Requirement
Every line of the material below needs to be copied exactly; omit the pictures.

Information shown
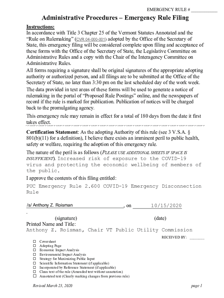 EMERGENCY RULE # Administrative Procedures Emergency Rule Filing Instructions: In accordance with Title 3 Chapter 25 of the Vermont Statutes Annotated and the Rule on Rule making (CVR 04000001) adopted
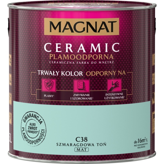 MAGNAT Ceramic to ceramiczna farba do wnętrz, 3. generacji bazująca na ceramicznych komponentach oraz najwyższej jakości żywicach i pigmentach. Ta unikalna formuła zapewnia farbie MAGNAT ponadprzeciętne parametry odporności na szorowanie i wielokrotne zmywanie oraz sprawia, że powłoki farby nie absorbują zabrudzeń i „trudnych" plam oraz są odporne na dezynfektanty. Zapewnia to uzyskanie wyjątkowej trwałości powłoki i kolorów.
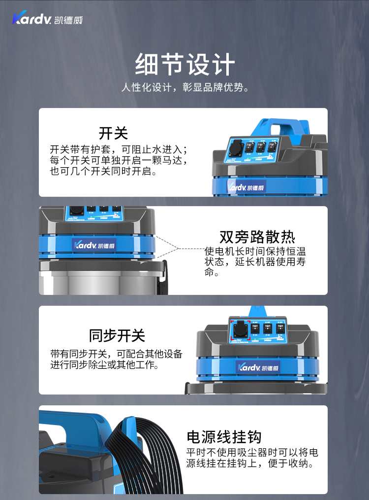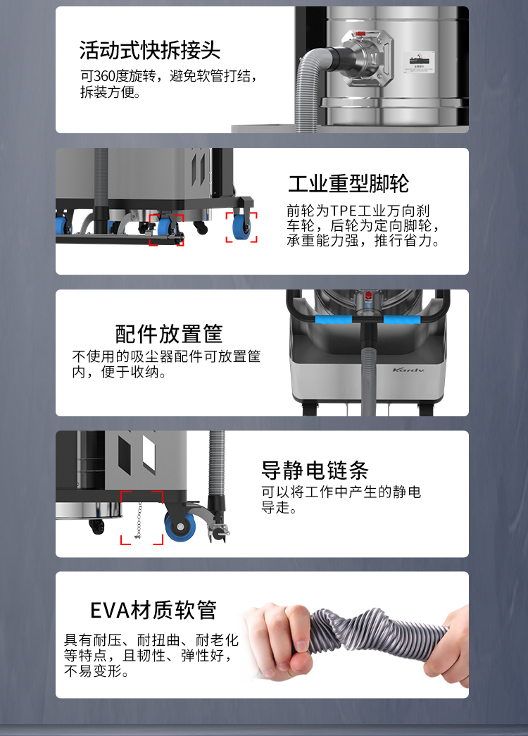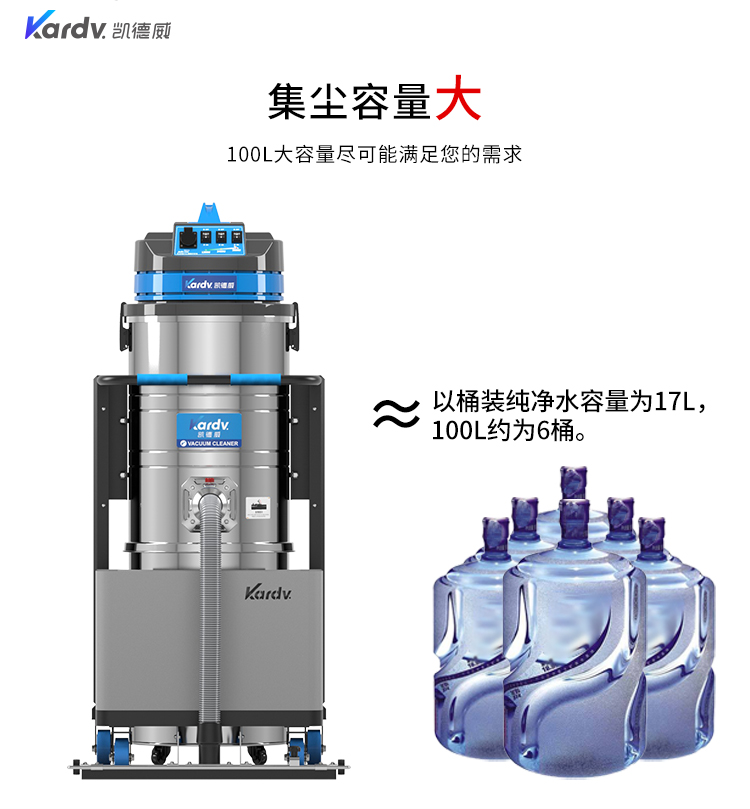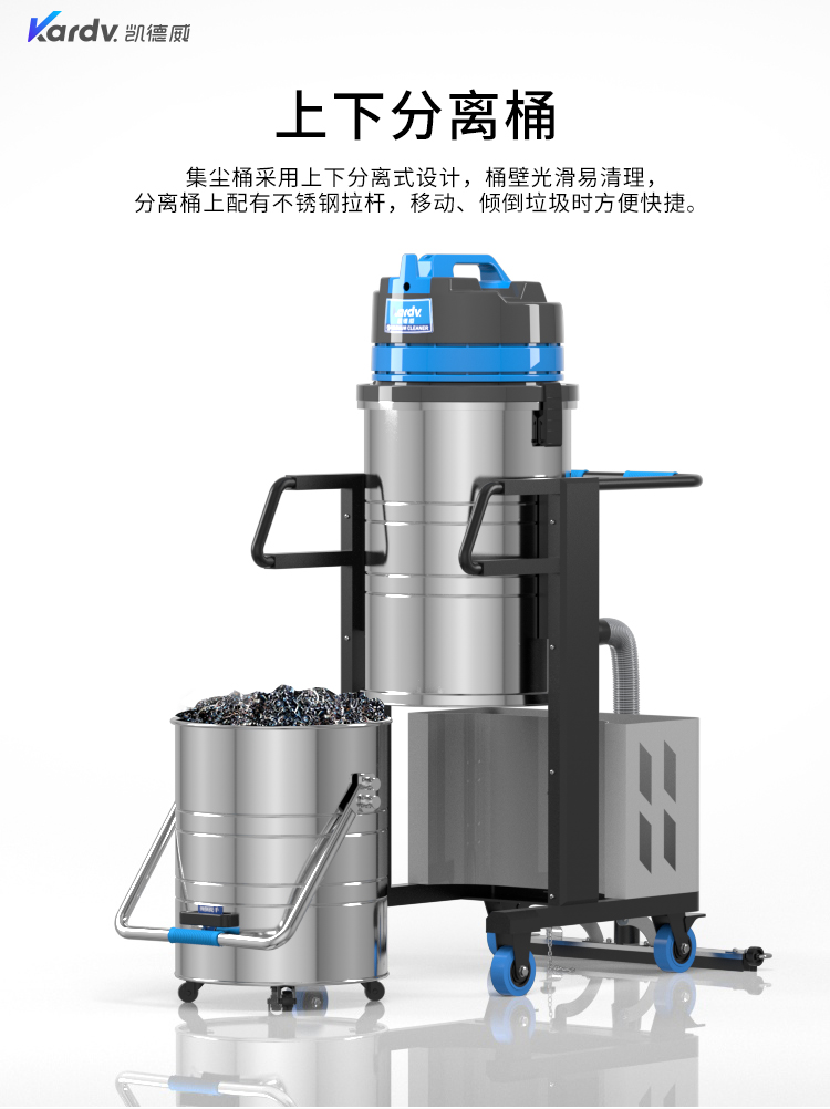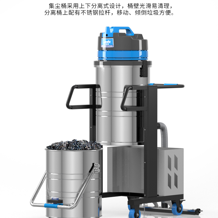 DL-3010BF是一款干濕兩用型工商業(yè)吸塵器,電壓220v,有3顆馬達組成,每個馬達1200w功率,合計功率360W,帶一套40口徑GI配件和一套60公分寬的推吸扒頭,工作直徑32米左右??筛鶕?jù)不同工況選擇單獨開一個電機或兩個/三個同時開,100L不銹鋼集塵桶采用上下分離式設計,桶壁光滑易清理,分離桶上配有不銹鋼拉桿,移動、傾倒垃圾時方便;配有反吹清灰裝置,當吸力不足時,可按下反吹手柄幾秒進行反吹清理。機器配有置物框,便于收納配件。機器可以邊推邊吸。適用于五金、食品、電機、機械、化工等工商

Output for this task
 EMERGENCY RULE # Administrative Procedures Emergency Rule Filing Instructions: In accordance with Title 3 Chapter 25 of the Vermont Statutes Annotated and the Rule on Rule making (CVR 04000001) adopted
 MAGNAT Ceramic to ceramiczna farba do wnętrz, 3. generacji bazująca na ceramicznych komponentach oraz najwyższej jakości żywicach i pigmentach. Ta unikalna formuła zapewnia farbie MAGNAT ponadprzeciętne parametry odporności na szorowanie i wielokrotne zmywanie oraz sprawia, że powłoki farby nie absorbują zabrudzeń i „trudnych" plam oraz są odporne na dezynfektanty. Zapewnia to uzyskanie wyjątkowej trwałości powłoki i kolorów.
 DL-3010BF是一款干濕兩用型工商業(yè)吸塵器,電壓220v,有3顆馬達組成,每個馬達1200w功率,合計功率360W,帶一套40口徑GI配件和一套60公分寬的推吸扒頭,工作直徑32米左右??筛鶕?jù)不同工況選擇單獨開一個電機或兩個/三個同時開,100L不銹鋼集塵桶采用上下分離式設計,桶壁光滑易清理,分離桶上配有不銹鋼拉桿,移動、傾倒垃圾時方便;配有反吹清灰裝置,當吸力不足時,可按下反吹手柄幾秒進行反吹清理。機器配有置物框,便于收納配件。機器可以邊推邊吸。適用于五金、食品、電機、機械、化工等工商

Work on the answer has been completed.